The Louisville Orchestra and its musicians have been at an impasse about a new contract for almost a year now, with no performances since last spring (Keep Louisville Symphonic, an organization made up of Louisville Orchestra musicians to promote and produce full-size symphony orchestra performances, however, has filled in that void, playing concerts since last spring.) Throughout this ordeal management has mentioned the possibility of hiring non-union replacement musicians.
Following through on that threat, the Louisville Orchestra has started advertising for new musicians.
The orchestra has taken its recruiting to craigslist, Google, and Facebook. While I have not seen the craiglist listing or Google ad, I was surprised to find their Facebook ad appearing on the right hand side of my news feed (top).
This worries me. What type of applicants are they expecting to get from advertising auditions in these places? What I also don’t understand is how the Louisville Orchestra is supposed to be in such financial duress but is able to pay for musician advertisements on Google and Facebook. It is impossible to tell how much they actually spend because on Facebook you can say how much you are willing to pay per click and what your maximum daily budget is, but either way it seems like a foolish way to spend money. It seems more like a way to intimidate its existing musicians.
I also wonder if the Louisville Orchestra knows that Louisville Orchestra Musician Association supporters are disgusted by this act and actually encourage people to click on the ad just to deplete the orchestra's ad budget.
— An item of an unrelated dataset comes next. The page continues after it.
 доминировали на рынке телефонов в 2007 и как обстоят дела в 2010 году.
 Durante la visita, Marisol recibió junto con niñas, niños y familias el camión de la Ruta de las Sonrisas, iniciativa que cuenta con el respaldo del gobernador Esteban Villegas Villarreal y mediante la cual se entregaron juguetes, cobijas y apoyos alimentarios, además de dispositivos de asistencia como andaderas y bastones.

Normally professional orchestras send out calls for auditions through universities, credible audition listing sites such as myauditions.com, and on the orchestra's website. From there, based on their reputation, experience and resume, applicants are either
The whole advertising campaign is a joke:
Anyone who auditions takes some great professional risks in doing so. First, if you audition, existing Louisville Orchestra musicians likely will shun you. Second, if you are in the union you will be fined. Third, consider yourself likely blacklisted from future professional orchestra gigs. Also plan on removing any commentary sections on any gig listing like Gig Salad because you are sure to get negative feedback. Also, the application requires references from someone in the music industry. Good luck finding anyone to do that.
For those of you not familiar with the dispute between the orchestra and its musicians, here's the background:
Throughout the past year there have been many related disputes between the orchestra and its musicians. One of the major ones is that the musicians say they never announced they were on strike, but rather that orchestra management locked them out. Management, however, has argued that the musicians have been on strike since June 26, 2011. In January 2012 the Division of Unemployment Insurance, Commonwealth of Kentucky Education and Workforce Development Cabinet, denied the musicians’ appeal and upheld Louisville Orchestra, Inc.’s position that the musicians of the orchestra have been on strike since June 26, 2011.
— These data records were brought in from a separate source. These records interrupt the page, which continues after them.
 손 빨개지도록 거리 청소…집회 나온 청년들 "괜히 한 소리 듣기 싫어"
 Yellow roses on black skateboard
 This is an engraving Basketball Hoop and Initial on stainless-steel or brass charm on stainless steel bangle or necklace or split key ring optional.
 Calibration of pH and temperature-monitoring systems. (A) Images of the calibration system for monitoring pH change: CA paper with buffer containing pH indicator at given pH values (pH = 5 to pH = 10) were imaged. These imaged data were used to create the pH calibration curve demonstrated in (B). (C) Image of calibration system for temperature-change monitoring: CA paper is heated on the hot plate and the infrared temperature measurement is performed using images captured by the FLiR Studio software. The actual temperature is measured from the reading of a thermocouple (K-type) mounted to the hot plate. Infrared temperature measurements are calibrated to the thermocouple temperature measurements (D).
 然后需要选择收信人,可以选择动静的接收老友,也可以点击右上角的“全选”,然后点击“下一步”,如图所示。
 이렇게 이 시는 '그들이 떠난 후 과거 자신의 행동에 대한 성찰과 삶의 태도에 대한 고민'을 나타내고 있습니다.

There was also the issue of the halted children's music program in JCPS schools. This past Friday the musicians agreed to binding arbitration working toward a new contract under the conditions that the orchestra’s board of directors signs a one-year agreement guaranteeing they’d work under the terms of their previous contract, which expired May 31, 2011 for the 2012-2013 season. The most recent press release can be read on the Louisville Orchestra Musicians Association’s Facebook page. The media release posted April 3, 2012 states the Louisville Orchestra Musicians Association will hold a press conference Thurs., April 5 at noon at the corner of Fifth and Main Streets, right by the Kentucky Center for the Arts. The Louisville Orchestra’s Board rejected the musicians’ latest binding arbitration proposal.
Please note: Anna Blanton is an employee of the Kentucky Center and was a performer in The Merry Widow pit orchestra in February. Any views or opinions expressed in this article are those of the authors and do not necessarily reflect the official policy or position of her employer(s).